For Uncommon Leaders....
Raising Standards, Driving Change,
and Creating New American Hospitals
 
 
 

 

Raising Standards in American Healthcare

"There are two kinds of organizations.
Those that have a standards process,
and those that will."

—Alex Trotman, former Ford CEO


  • Stumbling Standards. Current examples of "less than best" approaches in American healthcare.
  • The JCAHO Joke. Where's the leadership? Is this standards group really getting the job done? It's no joke when either inadequate standards, or non enforcement of standards, result in the death of a loved one. The agency does not operate in the way in which true standards groups perform.
  • Management Malpractice. The core problem is lack of aggressive management action.
  • Professional Practice Standards—Are your profession's standards set appropriately high? Are they enforced? These are the criteria to judge a profession's maturity in dealing with the standards issue. Many health professions are unable to point to a defined standards setting group. Malpractice and lawsuits will result.
  • Organizational Management—Every department follows the rule that best practices are found in everything practiced in that department, and that all protocols and technology have been standardized around best practices and best tools.

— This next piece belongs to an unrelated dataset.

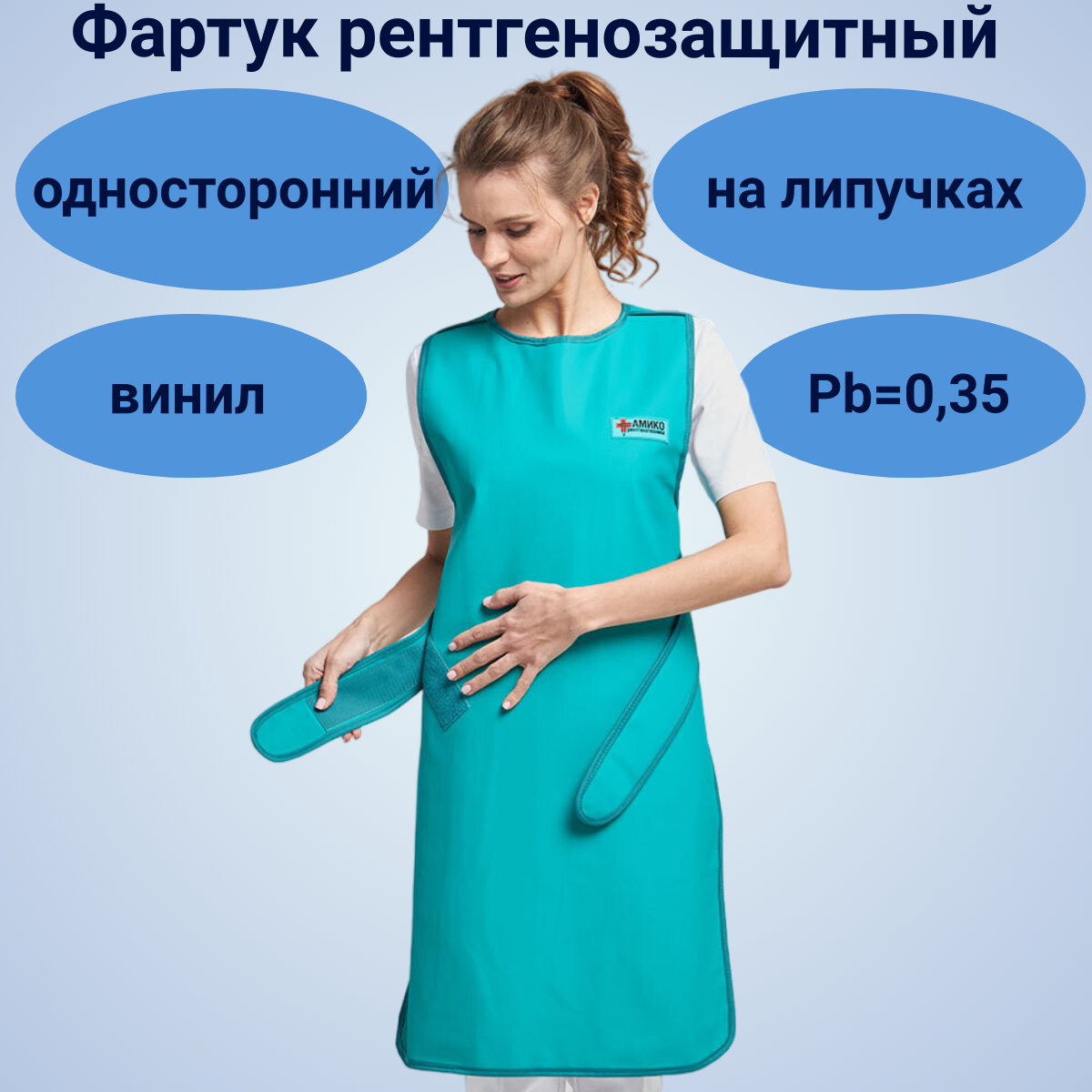 Фартук рентгензащитный односторонний для персонала производства. Свинцовый эквивалент 0,35 Pb. Используется для радиационной защиты передней части тела человека. Модель изготовлена из многослойного полихлорвинила и снабжена практичными застежками в виде липучек, что позволяет регулировать размер изделия в пределах 46-54. Винил отличается гибкостью, мягкостью и легкостью.

Management Malpractice—the Core Problem

The root cause of America's hospital problems is how these organizations are managed. Mismanagement is the core issue. That isn't what gets blamed of course. Defenders point to bad reimbursement formulas, overregulation, competition, technological wrenching, but it's all smoke. True, these factors don't help, but the central problem is that healthcare managers simply do a poor job of managing. They are not, by and large, masters of the management craft but are malpracticing, not following the disciplines of their profession. This isn't about working hard, which they do most earnestly. It's about the need to learn how to work right and be effective. (Read Raising Standards in American Healthcare for the full presentation of the problem)

The problems of American health care stem primarily from an obsolete approach to management that produces poor performance outcomes. Too low standards are the root cause of healthcare's customer unhappiness, erratic quality, no-end-in-sight costs, and low morale and worker turnover. American healthcare leaders are running the risk of projecting blame on external forces and resource scarcity, rather than looking at how they manage.

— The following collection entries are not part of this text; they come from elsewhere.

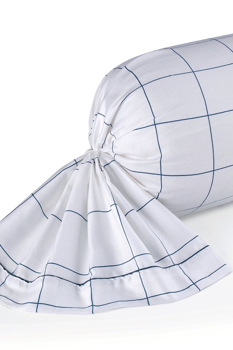 Taie de traversin en satin de coton 80 fils/cm² Carreaux minimalistes - Blanc
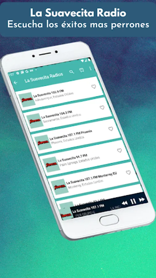 In addition to the station La suavecita 107.1 radios, it includes all the stations of the best fm, the law fm, uforia radio, kepadre radio, the race fm, radio la suavecita and many more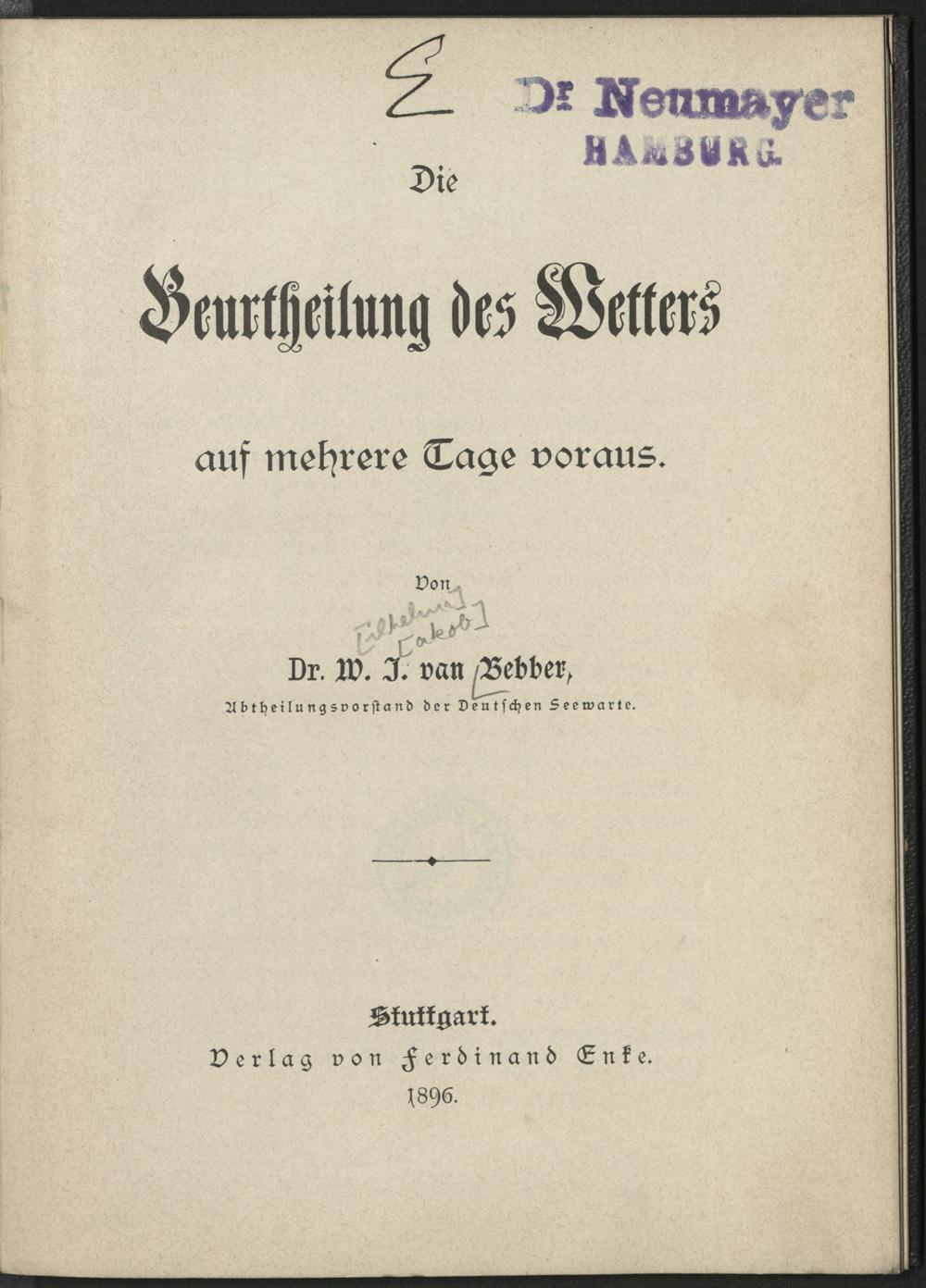 Die Beurtheilung des Wetters auf mehrere Tage voraus / W. J. van Bebber

The good news is that healthcare's problems can be overcome by a radically new management approach. The concepts of Operational Excellence and Strategic Standardization are already producing best-in-class performance—a way out of the crisis is at hand. The approach that has brought national award-winning Customer Satisfaction ratings and Top 100 hospital status to numerous healthcare organizations. The model has been field tested and it works. It is both valid (true) and reliable (it is repeatable in case after case).

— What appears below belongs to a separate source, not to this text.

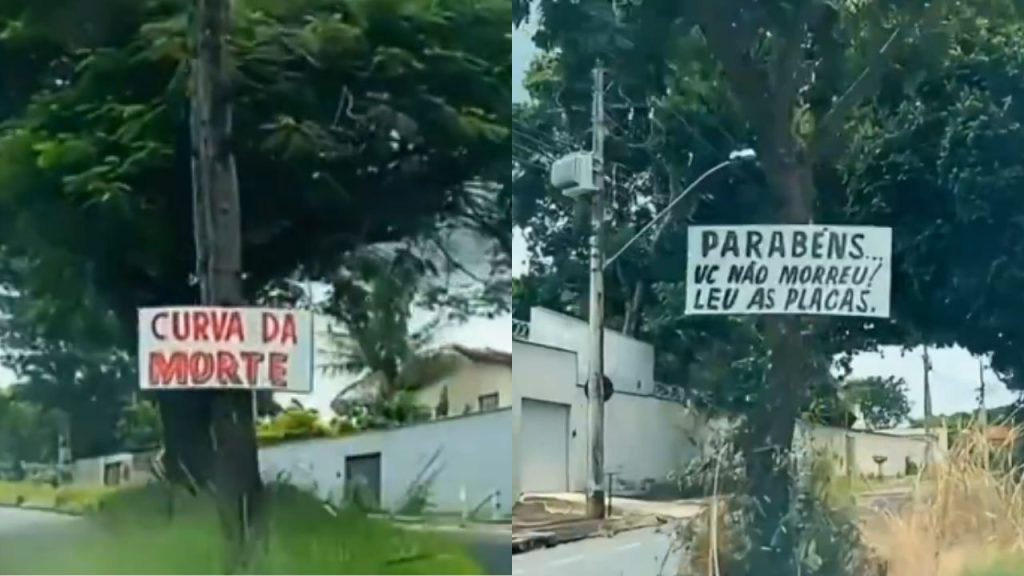 Ao longo do trajeto, ele vai citando cada um dos cartazes encontrados, afixados em árvores

There are always one or two major components missing in the performance of the malpractitioner:

  1. Lack of personal standards. He (she) lacks values centeredness. These are the crooks who wind up in the fraud cases, play with the books, and not knowing how to create solid numbers wind up doing creative accounting. Thankfully the legal profession usually comes along to escort these sorry amateurs out the door.
  2. Lack of business standards. More often the problem is that the organization's leaders do not follow a standards approach to managing. Because they do not set out to meet established standards, or to create them when not provided by the industry (more on that big problem for hospitals later), or to set breakthrough standards, they muddle around, hoping things will get better. They usually don't.

Dx & Tx

Diagnosis: Standards in American healthcare are too low in four primary areas. What evidence is there of that? Consider the following

  1. Customer Satisfaction—just ask the trial attorneys
  2. Quality—4% of admissions are injured or killed, 100,000 deaths per year
  3. Economics—Costs out of control; leading cause of personal bankruptcy
  4. People—One of the highest turnover rates of American industries

Treatment: The cure is a business strategy we term Operational Excellence. The strategy is to produce the following at extremely high levels and can be stated as BHAGs (big hairy audacious goals) in 8 words (must be memorizable by entire organization or you don't have a strategy):

  1. High Satisfaction
  2. High Quality
  3. Low Cost
  4. Best People

At what level should the organization attain these goals? There's the problem.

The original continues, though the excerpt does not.